I am running into memory and performance issues when trying to implement a density plot using python's plotnine.
Consider the below dataset with 3 variables and 50,000 observations. This is not a large dataset. The below code took 15 minutes to run. In contrast, it ran in R in 0.22 seconds.
With n = 100000
, I get the following error in plotnine:
MemoryError: Unable to allocate 74.5 GiB for an array with shape (100000, 100000) and data type float64
Again, R was able to execute this in circa 0.2 seconds.

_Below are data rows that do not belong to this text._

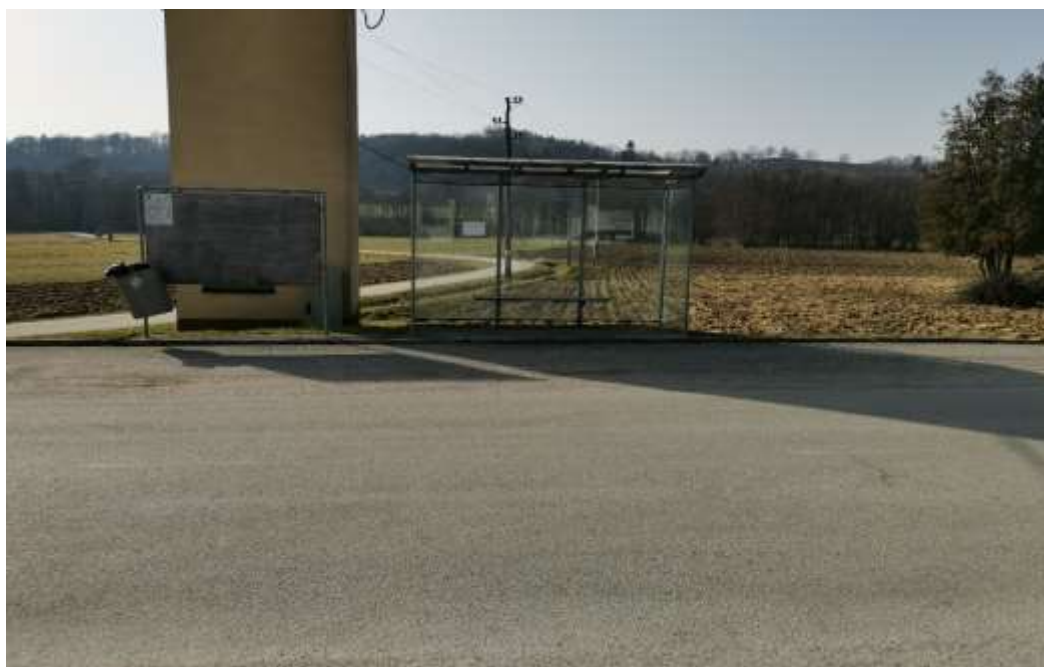
Slika 20: Avtobusno postajališče na Dolnjih Slavečih 2 (pri gasilskem domu Dolnji Slaveči)
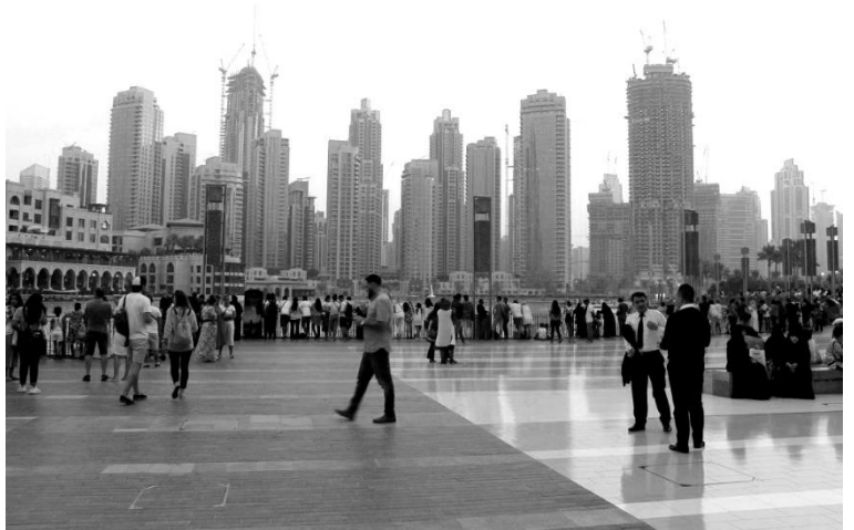
Dubaj, město neomezených možností

Proč právě Afrika? Abych řekla pravdu, sama nevím. Ale něco mě tam lákalo už velmi dlouho, jako magická přitažlivá síla. V dětství jsem byla s rodinou v Tunisku a Egyptě (což, řekněme si upřímně, má už od té „opravdové“ Afriky poměrně daleko), já však stále toužila po pořádném africkém dobrodružství. Na mé osmnácté narozeniny jsem tedy dostala zájezd na Kapverdské ostrovy, kde jsme procestovali ostrov Boa Vista. Po maturitě jsme s mamkou plánovaly nějakou dobrodružnou cestu (respektive já jsem plánovala, mamka pouze s hrůzou v očích projížděla internetové stránky o všech možných i nemožných nebezpečích a celá naše rodina i všichni kamarádi si mysleli, že jsme se naprosto zbláznily). Já jsem samozřejmě chtěla Afriku nebo Jižní Ameriku, která je mým snem již od malička, ale Amerika padla kvůli ceně letenek a Afriku jsme tak nějak odložily. Nakonec jsme jely do Malajsie a Singapuru, což sice vůbec nebylo v plánu, ale poloviční cena letenek a poslední dvě místa v letadle, to prostě bylo jasné znamení. Jely jsme na vlastní pěst a já jsem plánovala celou cestu. Tady jsem si poprvé vyzkoušela, jaké to je a co všechno musí člověk před tak dlouhou a dalekou cestou zařídit. Vše proběhlo naštěstí tak, jak mělo a my jsme si užily úžasnou cestu za méně než poloviční cenu, kterou nabízela cestovní kancelář.
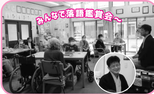
みんなで落語鑑賞会～

Am I mis-specifying the plotnine code, or is this a known problem that will be fixed?
plotnine code:
import numpy as np
import pandas as pd
from plotnine import *
n = 100000
df = pd.DataFrame({
'age': np.random.choice(range(20,66),n),
'gender': np.random.choice(range(1,3),n),
'variable': np.random.lognormal(0,0.5,n),
})
p = (ggplot(df, aes('variable'))
+ theme_light(7)
+ geom_density(alpha=0.5, size=0.35)
)
p
R code:
library(ggplot2)
n = 100000
df = data.frame(
age = sample(seq(20:66), n, replace=TRUE),
gender = sample(1:2, n, replace=TRUE),
variable = rlnorm(n, meanlog=0, sdlog=0.5)
)
p = ggplot(df, aes(variable)) +
theme_light(7) +
geom_density(alpha=0.5, size=0.35)
p